Data below:
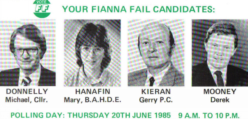 A young Mary Hanafin in her fisrt electoral outing in Rathmines 1985. Both Hanafin polling 890 votes and Donnelly polling 2133 votes were elected. Derek Mooney polled 534 votes and Gerry Kieran 849 votes and both missed out.
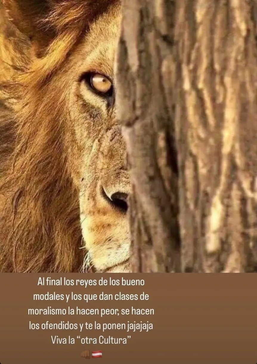 “Al final, los reyes de los buenos modales y los que dan clases de moralismo la hacen peor: se hacen los ofendidos y te la ponen. Viva la ‘otra cultura’”, escribió Verón en una historia de Instagram, sin nombrar directamente a Gallardo ni a Jorge Brito, pero en clara alusión a ambos.
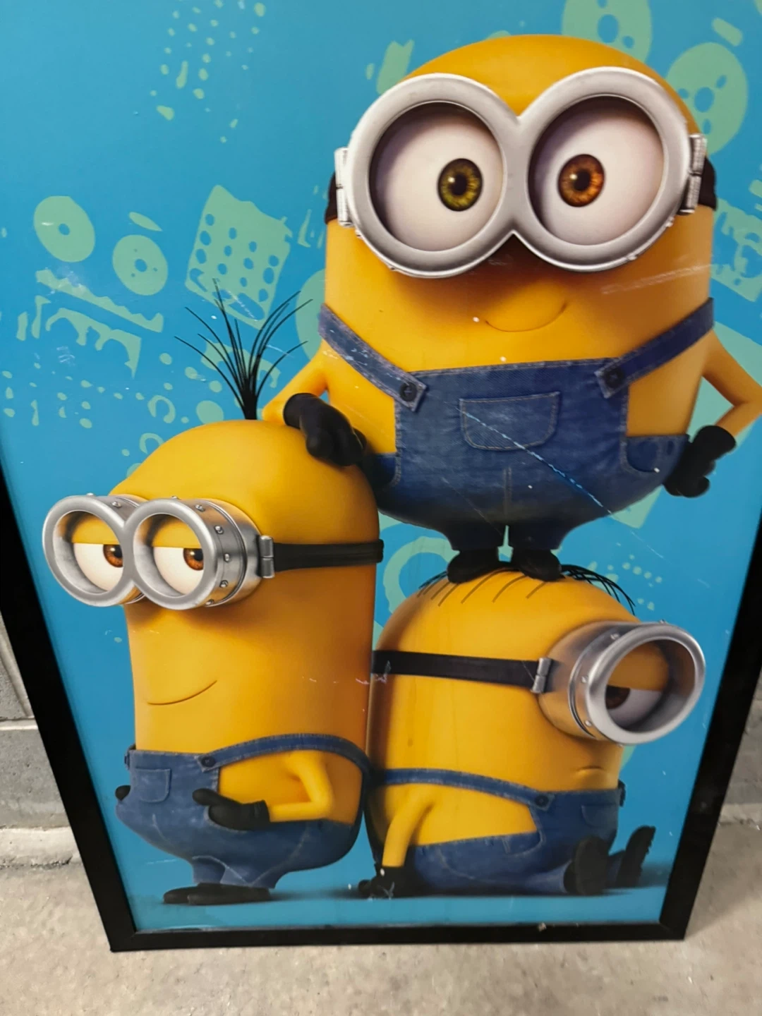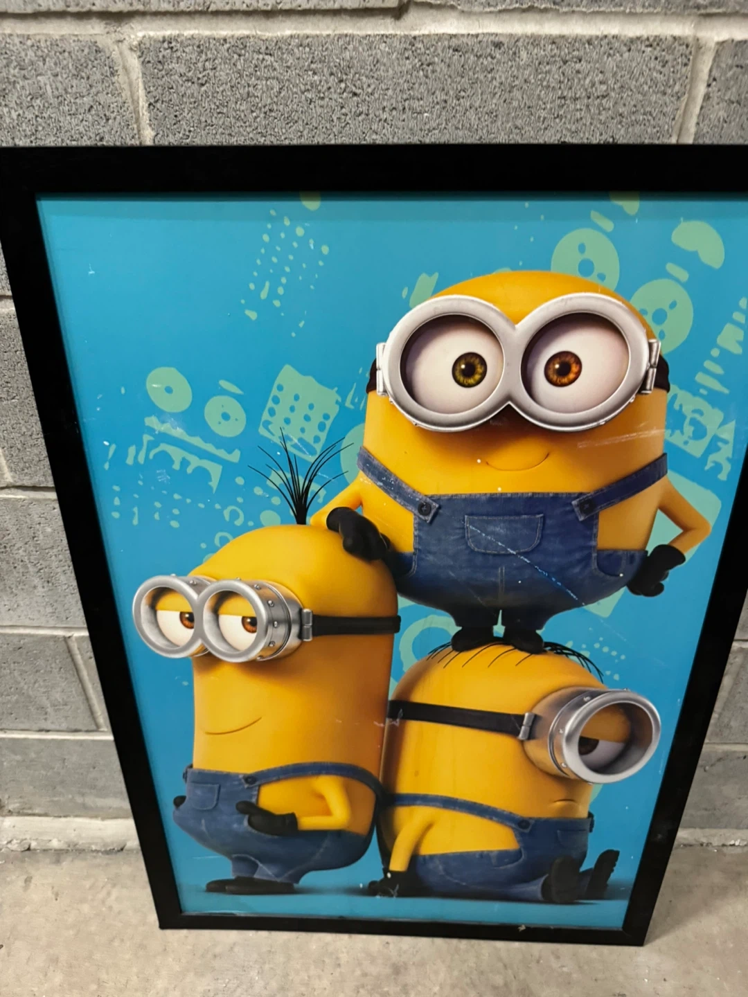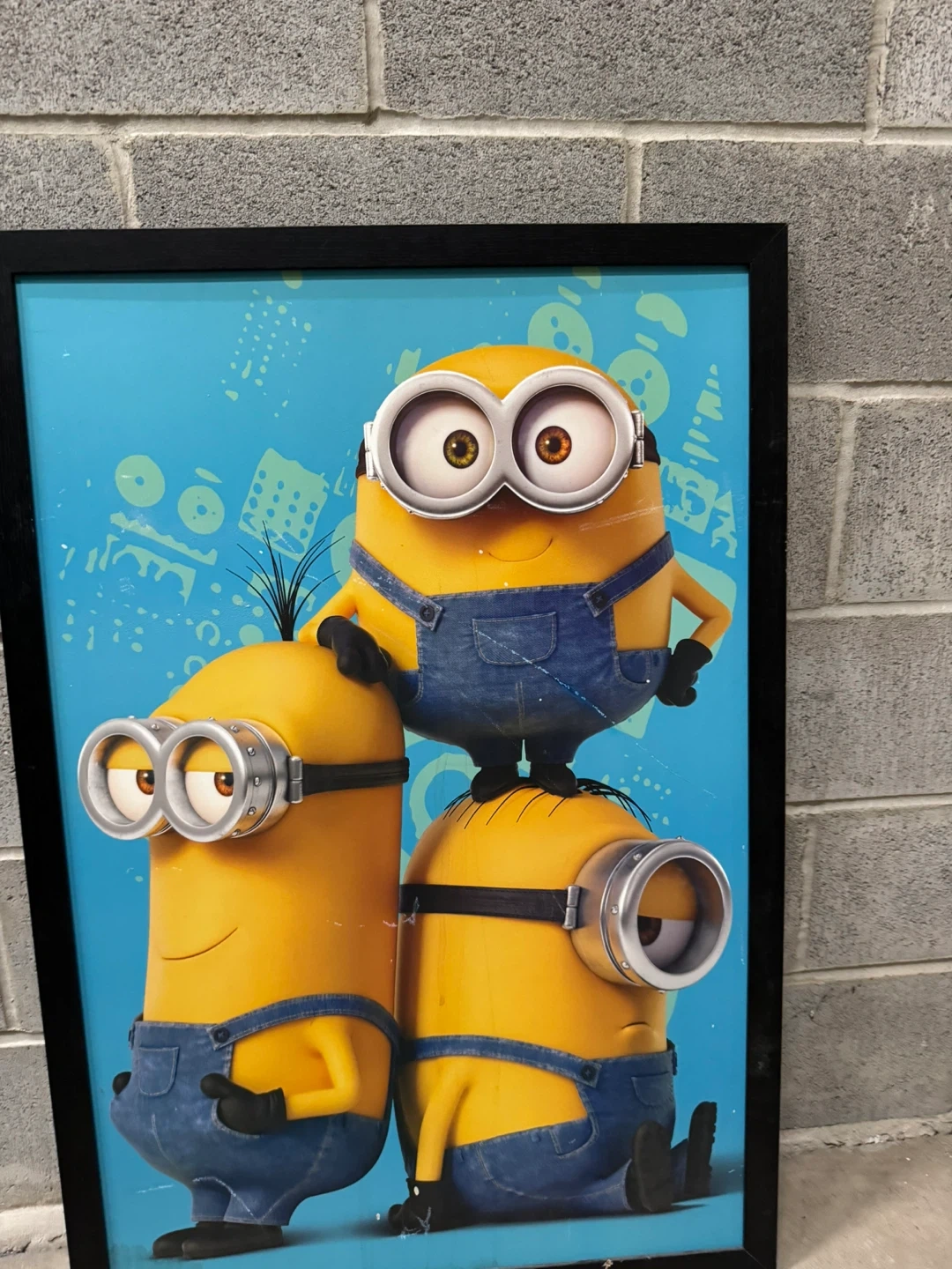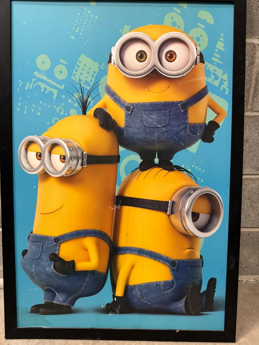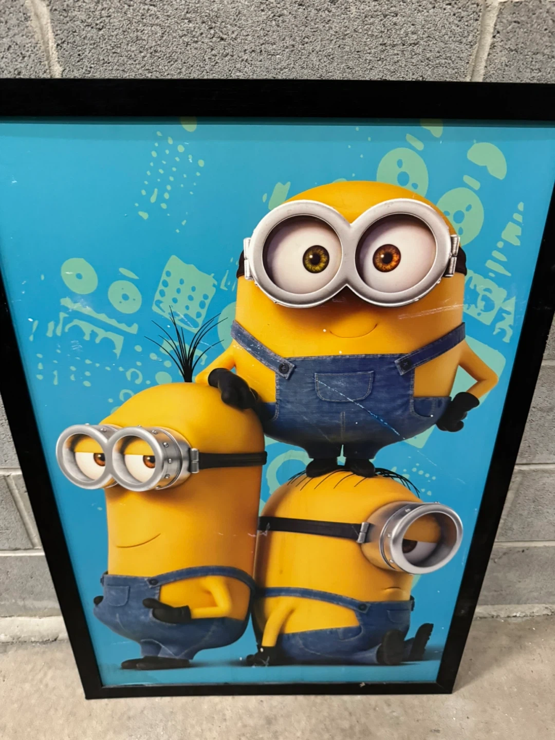 Here's a framed print featuring the Minions! It's a fun piece of decor for any Minions fan Despicable Me Minions Bob Stuart Kevin Framed 25.5x38. 7$cash

Brief: What is needed is an exact transcription of the lines from the one holding "alusión a ambos." to the end of the data, with every picture left out.

Your solution:
 “Al final, los reyes de los buenos modales y los que dan clases de moralismo la hacen peor: se hacen los ofendidos y te la ponen. Viva la ‘otra cultura’”, escribió Verón en una historia de Instagram, sin nombrar directamente a Gallardo ni a Jorge Brito, pero en clara alusión a ambos.
 Here's a framed print featuring the Minions! It's a fun piece of decor for any Minions fan Despicable Me Minions Bob Stuart Kevin Framed 25.5x38. 7$cash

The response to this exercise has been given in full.